In terms of their team’s value propositions that help them attract new team members, Loken pointed to their team’s ability to pivot quickly when necessary. Lindahl, on the other hand, said his team’s people and the community that they’ve built are what draw new people in to his brand.
The current landscape
Lindahl said he actually believes teams today are experiencing a false sense of success because of how they buy leads or work with other third parties to create leads. He’s written about the topic as an Inman contributor, saying that if you’re buying real estate leads, your business will be kaput in two years.
“I think that there’s a false sense of success going on for most real estate teams in the world today,” Lindahl said. “Very few teams are actually generating their own leads [from] within, through their own marketing department … Most of it isn’t real, they haven’t generated that business on their own.”

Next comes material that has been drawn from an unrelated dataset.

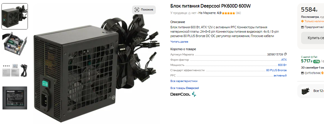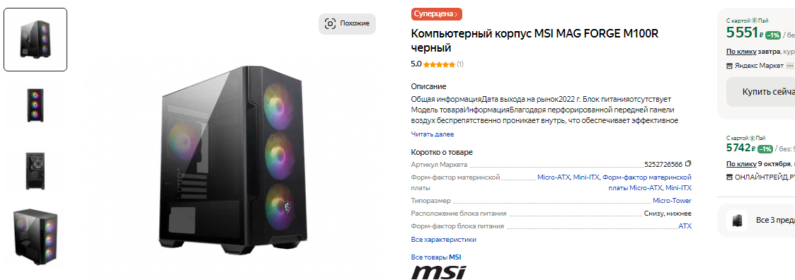 Ни одна сборка не обходится без блока питания и корпуса. Даже если мы пытаемся собрать экономичный ПК, то придётся взять качественные комплектующие. Например, Deepcool PK600D, который без проблем запустит наш системный блок, поскольку представленная выше сборка не отличается высокими требованиями. Присутствует стандарт энергоэффективности 80+ Bronze, что идёт в общую копилку и позволяет надеяться на высокую стабильность сборки. Корпус MSI предлагает достаточно пространства для творчества, а также включает 4 кулера из коробки. Они охладят пыл даже более мощных комплектующих, но нам точно не повредят.

“Make sure that you own and control your own brand,” Lindahl added.
Loken noted that starting off by just picking up the phone is one of the easiest ways to get started with building out your database.
“We built our entire inside sales program based off of that model of picking up the phone and calling,” Loken said. “It’s not rocket science. You’ve got to pick up the phone, you’ve got to build those relationships, and then you’ve got to sustain those relationships.”